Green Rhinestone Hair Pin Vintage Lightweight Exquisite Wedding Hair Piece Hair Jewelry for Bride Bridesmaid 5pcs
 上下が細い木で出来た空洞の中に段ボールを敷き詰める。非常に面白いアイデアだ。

——

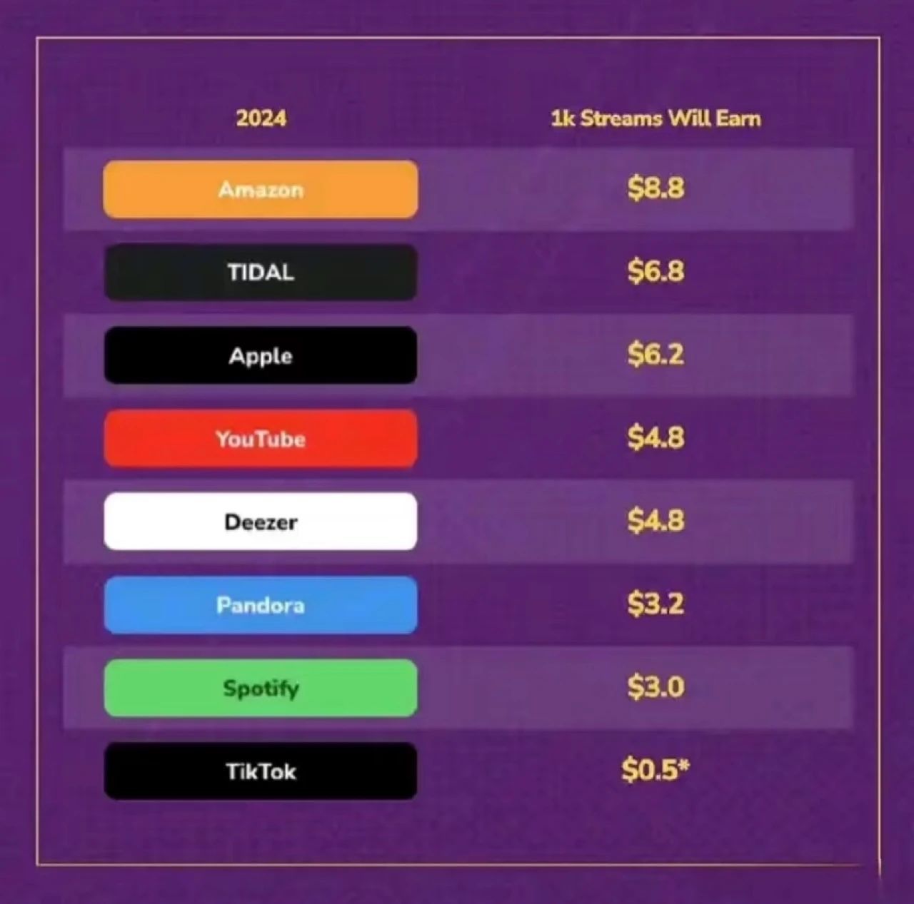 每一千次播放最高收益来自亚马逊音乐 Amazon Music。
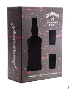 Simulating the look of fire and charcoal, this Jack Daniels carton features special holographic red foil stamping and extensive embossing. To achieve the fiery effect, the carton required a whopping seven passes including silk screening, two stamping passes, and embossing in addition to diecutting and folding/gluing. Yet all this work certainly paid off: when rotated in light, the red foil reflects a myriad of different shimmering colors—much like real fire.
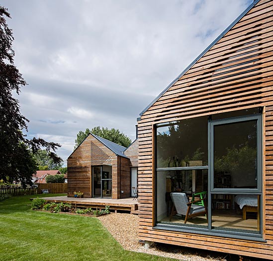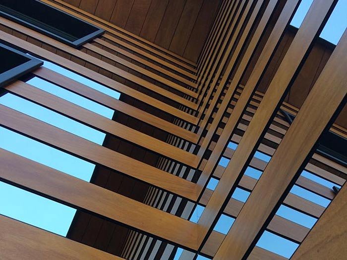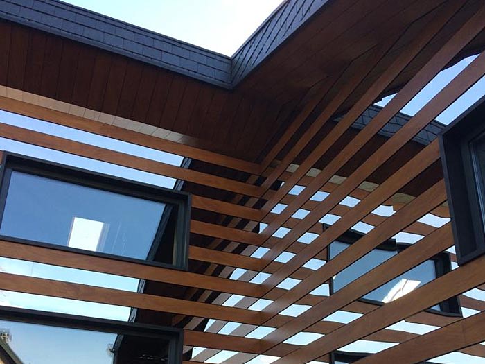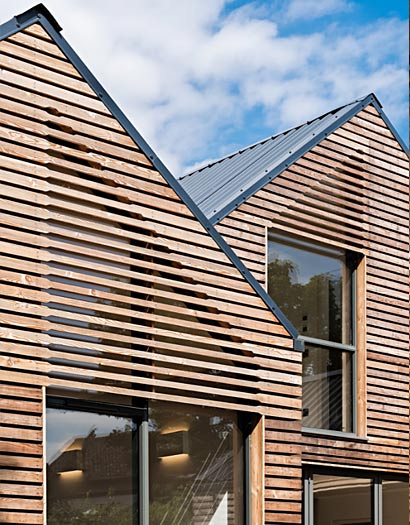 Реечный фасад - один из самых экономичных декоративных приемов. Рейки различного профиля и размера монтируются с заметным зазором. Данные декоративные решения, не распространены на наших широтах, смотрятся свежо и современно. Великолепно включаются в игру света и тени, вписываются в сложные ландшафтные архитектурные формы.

——

Reproduce, exactly as they stand in the data above, the lines from the one that holds "Green Rhinestone Hair" to the one that holds "上下が細い木で出来た空洞の中に段ボールを敷き詰める。非常に面白いアイデアだ。", inclusive.

» OUTPUT:
Green Rhinestone Hair Pin Vintage Lightweight Exquisite Wedding Hair Piece Hair Jewelry for Bride Bridesmaid 5pcs
 上下が細い木で出来た空洞の中に段ボールを敷き詰める。非常に面白いアイデアだ。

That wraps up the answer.